▸ **Recorded data**:
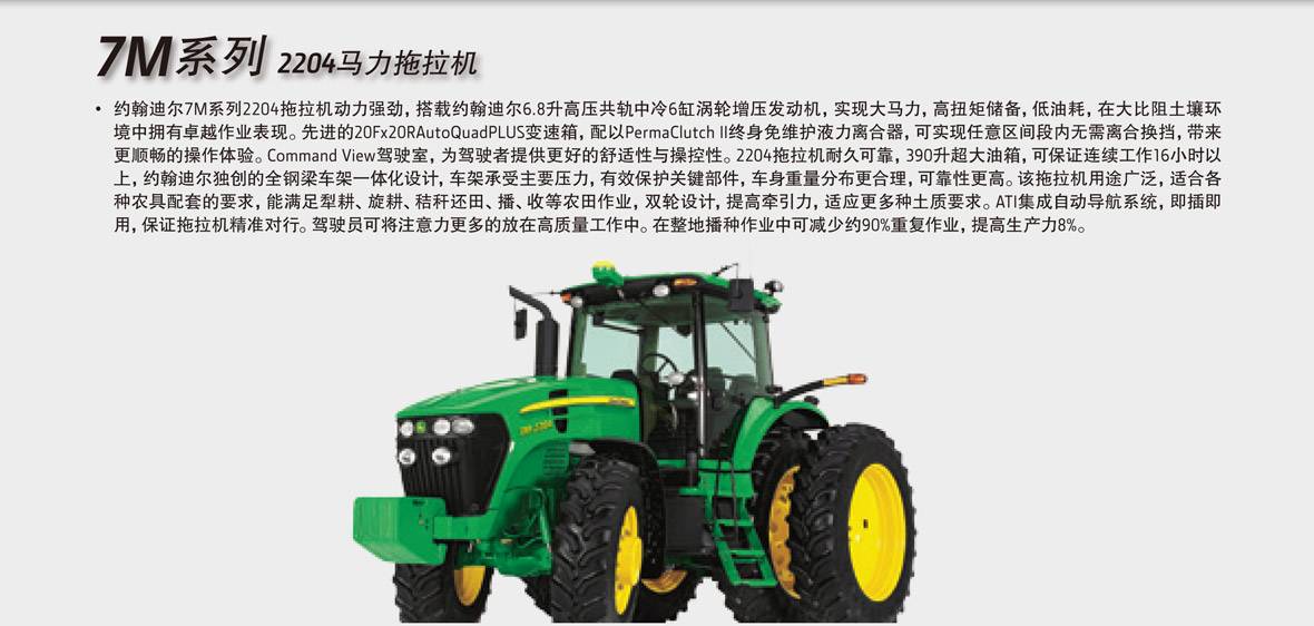 產品引進約翰迪爾公司成熟的7M系列技術,嚴格按照約翰迪爾產品開發程序(EPDP)開發制造。生產中嚴格執行約翰迪爾質量生產體系(JD-QPS),質量可靠。搭載約翰迪爾6.8升高壓共軌中冷6缸渦輪增壓發動機,動力強勁,扭矩儲備高。
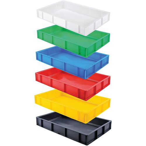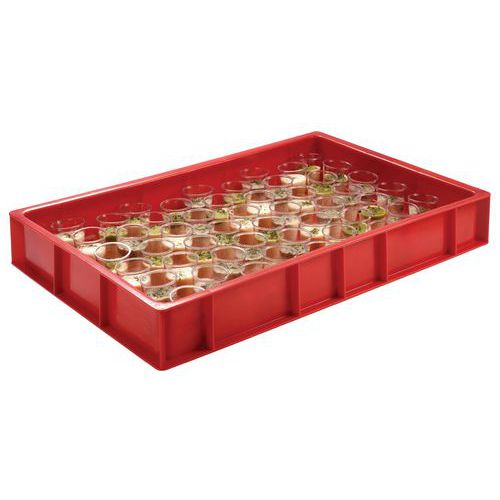 Cassetta piena 600x400. Per catering, ristoranti: cassetta di stoccaggio per materie prime. Impilabile con e senza coperchio, ottima capacità di impilaggio in altezza. Fondo piatto senza zone di ristagno, pulizia facile.
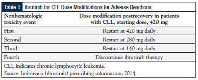Table 1 summarizes ibrutinib dose modification guidelines for patients with any grade ?3 nonhematologic toxicity, grade ?3 neutropenia with infection or fever, or grade 4 hematologic toxicities. Ibrutinib may be reinitiated at the starting dose after symptoms of toxicity have resolved to grade 1 or to baseline.15
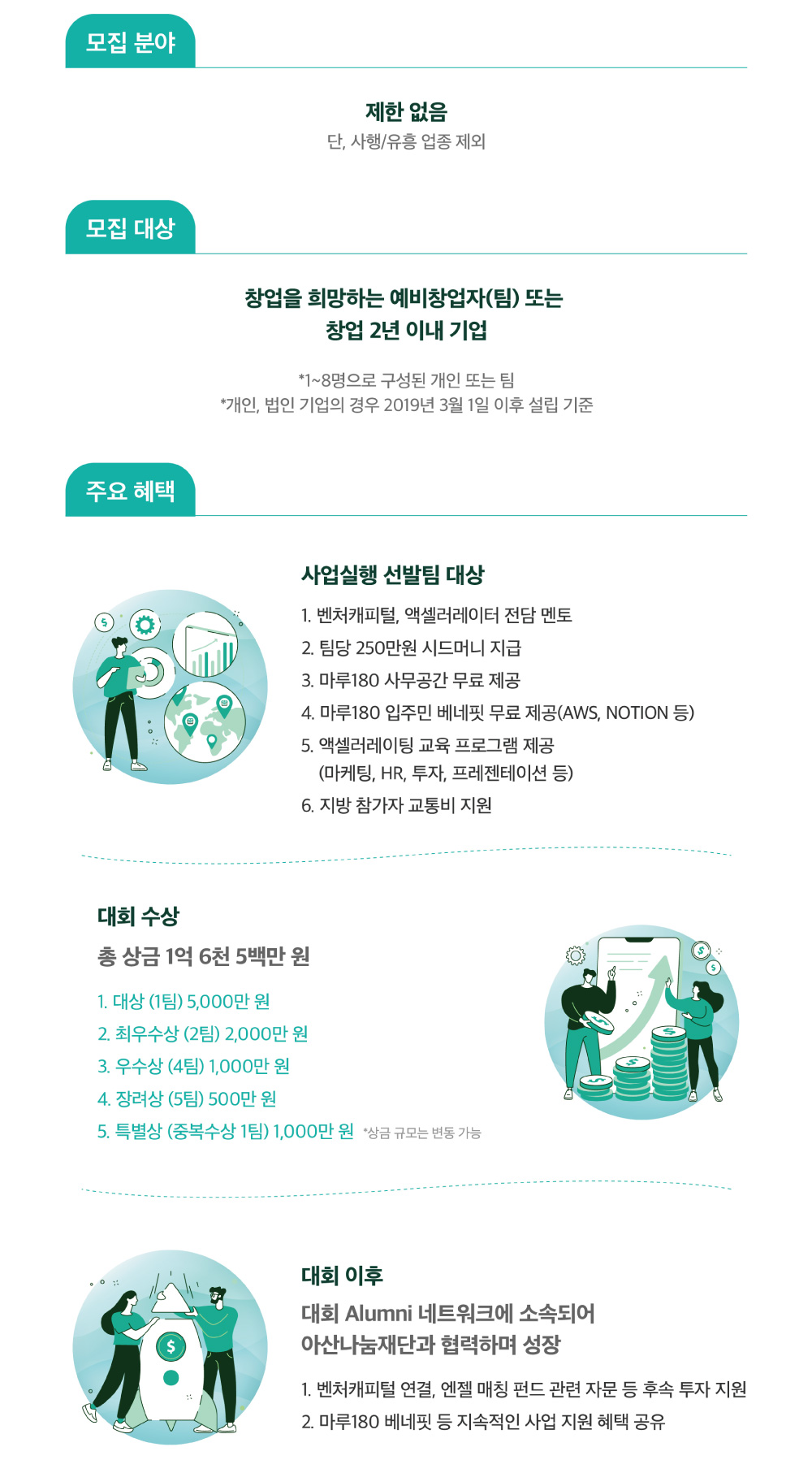 대상 5,000만원 등 총상금 1억 6천 500만원 규모로 진행되는 본 대회는 전국의 유망 창업자를 발굴하여 시드머니, 업무공간, 멘토링, 네트워킹 기회 제공을 통해 창업의 첫걸음을 지원합니다. 관심있는 여러분들의 많은 참여 바랍니다

▸ **Aim of the exercise**: Your task is to retype exactly, and only, the lines from the one that holds "Table 1 summarizes" through the end of the listing, both end lines included, without any pictures.

▸ **Result below**:
Table 1 summarizes ibrutinib dose modification guidelines for patients with any grade ?3 nonhematologic toxicity, grade ?3 neutropenia with infection or fever, or grade 4 hematologic toxicities. Ibrutinib may be reinitiated at the starting dose after symptoms of toxicity have resolved to grade 1 or to baseline.15
 대상 5,000만원 등 총상금 1억 6천 500만원 규모로 진행되는 본 대회는 전국의 유망 창업자를 발굴하여 시드머니, 업무공간, 멘토링, 네트워킹 기회 제공을 통해 창업의 첫걸음을 지원합니다. 관심있는 여러분들의 많은 참여 바랍니다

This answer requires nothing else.